Earlier this month, the CWA’s executive board voted to approve a strike. The decision allowed CWA President Chris Shelton to set a strike date if negotiators can’t reach an agreement. The workers’ contracts expired last month.
In their joint statement, Linda Hinton, CWA District 4 vice president, and Lisa Bolton, CWA telecommunications and technologies vice president, said the final proposal is a “desperate attempt by AT&T to avoid reaching an agreement that would keep good, family-supporting jobs in our communities.”
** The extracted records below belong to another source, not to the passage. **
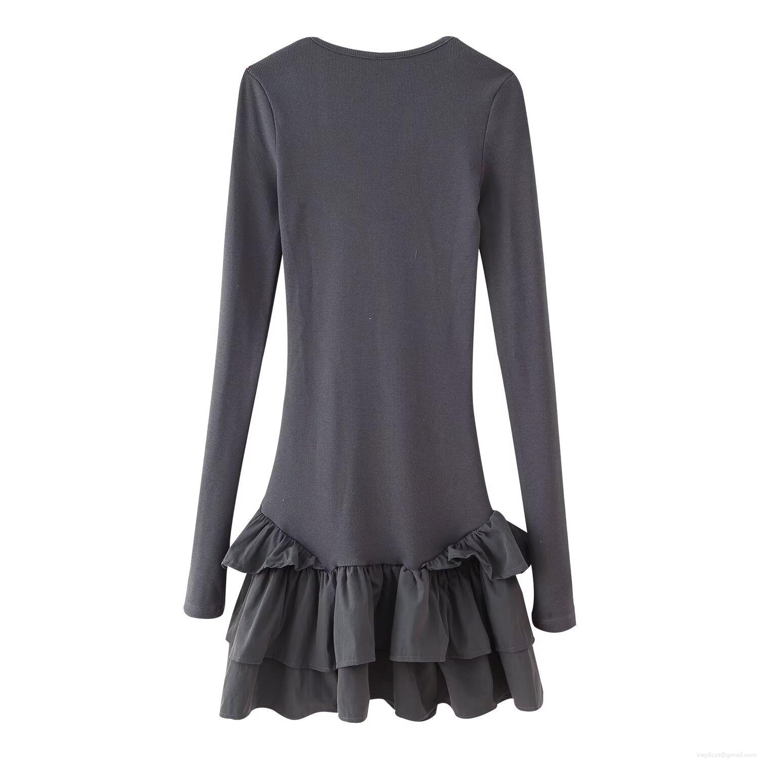 • Women's Slim Fit Ribbed Knit Long Sleeve Dress Layered Ruffle Hem U-Neck Mini Dress Elegant Solid Color Tiered Cake Dress For Party Dating Sexy Bodycon Spring Fall Clothing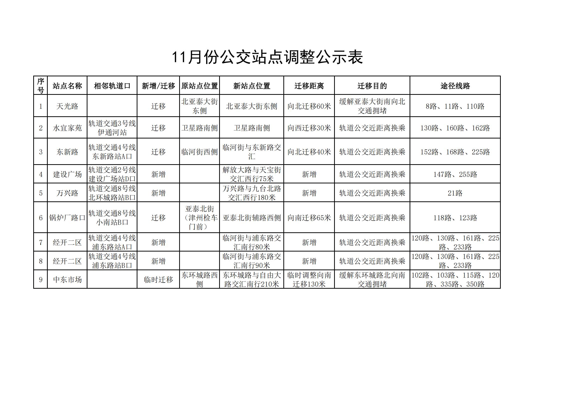 11月份公交站点调整公示表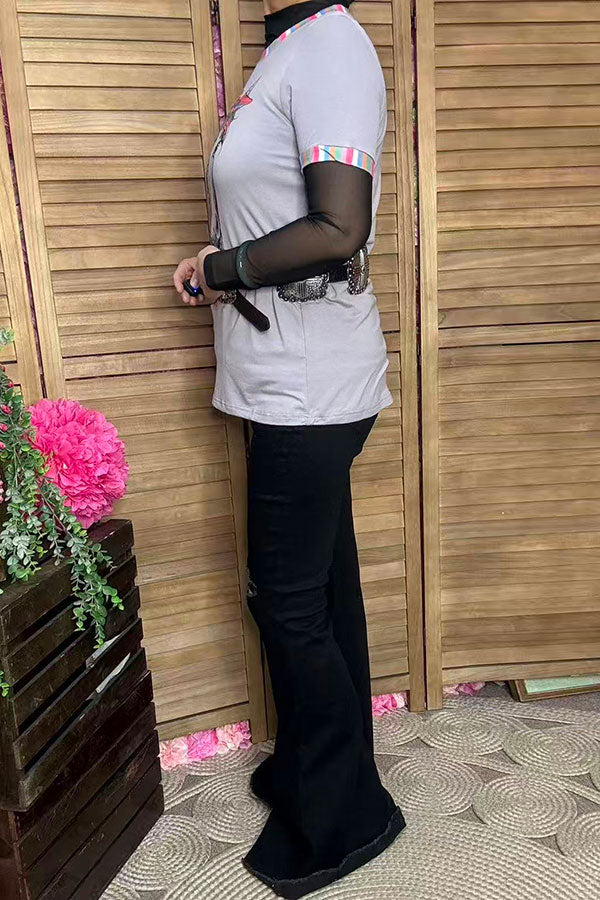 Southern Stitch horse printed grey short sleeve top DLH11778-1
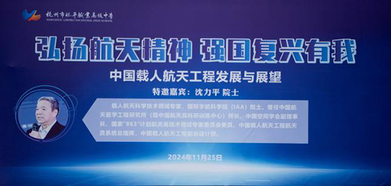 為深入學習航天精神,激發(fā)學生的愛國情懷,筑牢責任擔當,并啟迪學生的創(chuàng)新思維,凝聚團結(jié)協(xié)作向心力,以航天逐夢征程砥礪奮進之志,11月25日下午,杭州市臨平職業(yè)高級中學特邀載人航天科學技術(shù)領(lǐng)域?qū)<摇H宇航科學院(IAA)院士沈力平來校,為同學們開設了一場主題為“中國載人航天工程發(fā)展與展望”的精彩講座。本次講座采用線上+線下方式進行,各班教室設分會場,學生在任課教師組織下認真觀看直播。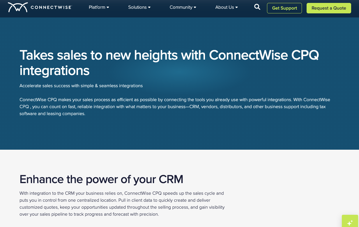 ConnectWise CPQ integrates with several CRM platforms, most notably Salesforce, which is its most robust CRM integration outside the ConnectWise ecosystem. Through this connection, teams can pull customer records directly into quotes, update opportunity stages automatically, and maintain a real-time view of pipeline progress without switching between systems.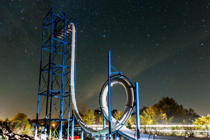 Back in the mid-80’s a slide called Cannonball Loop was built in Action Park in Vernon, New Jersey. As it posed more dangers than an enjoyable adventure, the park was closed in the 90‘s. However, recent developments have included a re-creation of the Cannonball Loop.The new ride is now called the Sky Caliber. It features a 45-foot drop and a 30-foot loop. It sends a rider to an exhilarating plunge at a speed of 50 mph.

“Instead of continuing our agreed-upon negotiation process, they have violated the National Labor Relations Act by sending their misleading summary directly to CWA members and by failing to bargain in good faith,” they said. “AT&T should make no mistake — CWA members will not be fooled by this outrageous attempt to divide us. ‘No Jobs, No Deal’ isn’t just a slogan. It is a commitment that we have made to one another to stand together and fight against AT&T’s relentless outsourcing of our jobs in pursuit of more and more astronomical profits.”
Marty Richter, AT&T spokesman, said after more than 10 weeks of negotiations, “we’ve made comprehensive and very fair final offers to the CWA in Midwest and Legacy T wireline bargaining.”
“The contracts currently cover good-paying U.S. jobs averaging over $120,000 a year in pay and benefits, with some making over $200,000,” he said. “We’re offering generous packages including annual wage increases, continuation of job security provisions that are virtually unheard of in the U.S., and comprehensive health-care and retirement benefits. All employees covered by the offers would be better off. In addition, the Midwest offer includes a commitment to hire 1,000 people in the region.”
The CWA’s claim that AT&T violated the National Labor Relations Act is false, Richter said. AT&T took this step with a goal of “being transparent with our employees, in hopes of bringing the process to a close and reaching agreements that will allow us to continue to provide solid union careers with excellent wages and benefits,” he said.
“We presented the offers to the union’s negotiating teams at the bargaining tables, and we’ll continue to discuss the final offers with the union, and to communicate the terms of the offers with our employees, as permitted by law,” he said. “We hope employees covered by the offers will carefully review them and ask union leadership for an opportunity to vote on them.”
Progress was made during the past few weeks on many issues, and “our bargaining teams are committed to negotiating fair contracts at AT&T Midwest and Legacy T,” Hinton and Bolton said.
The AT&T Midwest contract covers workers in Ohio, Michigan, Illinois, Indiana and Wisconsin, while the Legacy T contract covers workers nationwide.